EGNILGES@pucc.Princeton.EDU (Ed Nilges) (06/17/91)
In article <4739@inews.intel.com>, bhoughto@pima.intel.com (Blair P. Houghton) writes: > >As confusing as that was, I think I got it. The only confusion resulted from the misuse of a line reader in a lexical analyzer, which is a character-by-character sort of thing. A minor source of confusion was the omission of the reference. It was ANSI C: A Lexical Guide, published by the Mark Williams Company. I took the advice of Mr. Ken Yap down in Australia at CSIRO, and this morning completely altered the lexical analyzer to use getc and ungetc. It considerably simplified the code. The use of a line reader in the first place was the unfortunate byproduct of having an IBM, unit-record background. Yes, there may be a performance penalty on IBM mainframe systems compiling C, in which case the getc and ungetc can be hand-rolled around a unit record reader for efficiency. No, I don't want to use lexx. I do not like the code it generates and (once I get rid of these subtle tendencies to think in IBMerese) I believe I can write more efficient code for the language I am lexxicating. Thanks to Mr. Ken Yap and the rest of the gang on comp.lang.c for your patience.

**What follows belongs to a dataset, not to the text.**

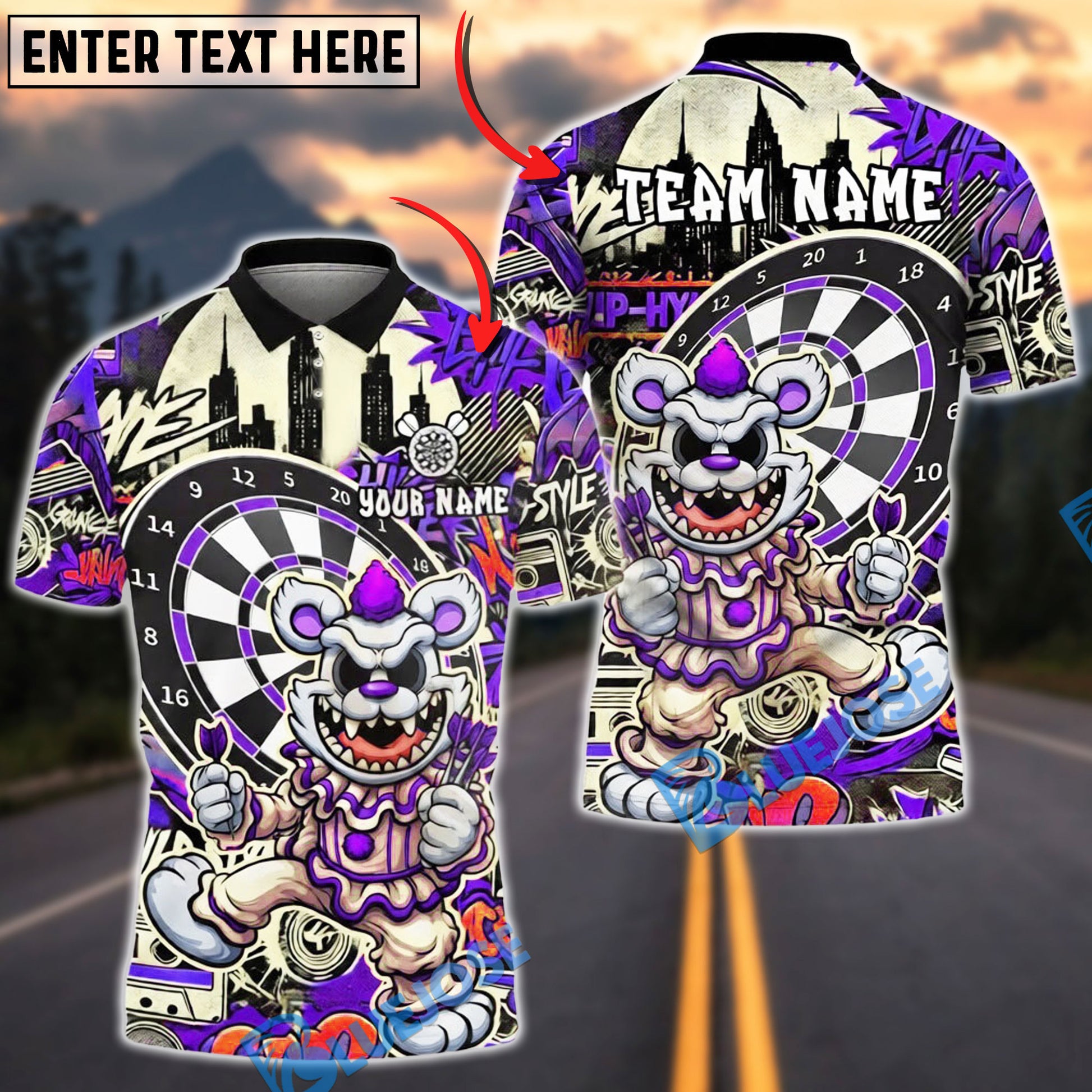 BlueJose Darts Clown Urban Graffiti Art Multicolor Options Personalized Name Shirt (4 Colors)

bhoughto@pima.intel.com (Blair P. Houghton) (06/18/91)
In article <1991Jun17.120927.3802@watmath.waterloo.edu> datangua@watmath.waterloo.edu (David Tanguay) writes: >In article <4739@inews.intel.com> bhoughto@pima.intel.com (Blair P. Houghton) writes: > > while ( fgets(s, sizeof s, stream) ) > > process(s); > > if ( strlen(s) != 0 ) { > > /* there's something left to process */ > >Huh? 4.9.7.2: "If end-of-file is encountered and no characters have been read [...etc...] Urp! Remind me: a. To test code before I post it. b. Not to do it this way... Spoiler alert. If there's anything you don't want to know, don't turn the page... --Blair "Uh, er, uh, Bob made me do it. Yeah, that's it. Everyone thinks that Agent Cooper is the only one he's infested, but he's got me in his clutches now, too. Yeah. That's the ticket..."
robert@isgtec.UUCP (Robert Osborne) (06/18/91)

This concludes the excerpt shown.